The Magic of Christmas. Trisha AshleyЧитать онлайн книгу.
‘I’ll put you down to bake the first batch then,’ Marian said, scribbling that down, then she handed out the CPC meetings rota. We’re supposed to take it in turns to host it in our homes but I don’t know why she bothers, because after the first one it always goes completely haywire for one reason or another.
The important business of the meeting concluded, I got out some coffee granita I’d made. It never tastes quite as perfect as I hope it will, but they were all very kind about it. Then the conversation turned to frozen desserts in general and we discussed the possibility of concocting a brandy butter ice cream to go with Christmas pudding. I think Faye started that one: she makes a lot of ice cream for her farm shop.
Writing the CPC meeting up later for the Chronicles, I added a note to include the recipe for the brandy butter ice cream to that chapter if one of us came up with something good, and then laid my pen down on the kitchen table with a sigh, thinking that it was just as well I had the Christmas Pudding Circle to write about.
Although my readers loved the mix of domestic disaster, horticultural endeavour and recipes in my Perseverance Chronicle books, I could hardly include bulletins on the way the last, frayed knots of my failed marriage were so speedily unravelling, which was the subject most on my mind of late. I had become not so much a wife, as landlady to a surly, sarcastic and antisocial lodger.
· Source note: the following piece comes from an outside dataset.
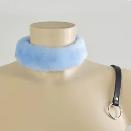 Ошейник Lite выполнен из натуральной кожи,исккуственный мех, цвет голубой

The first Perseverance Chronicle was written in a desperate bid to make some money soon after we were married, influenced by all the old cosy, self-sufficiency-in-a-Cornish-cottage books that I had loved before the reality set in. Mine were a little darker, including such unromantic elements as the joys of outside toilets when heavily pregnant in winter and having an Inconstant Gardener for a husband.
It was accepted by a publisher and when we moved back to Lancashire I simply renamed the new cottage after the old and carried on – and so, luckily, did those readers who had bought the first book.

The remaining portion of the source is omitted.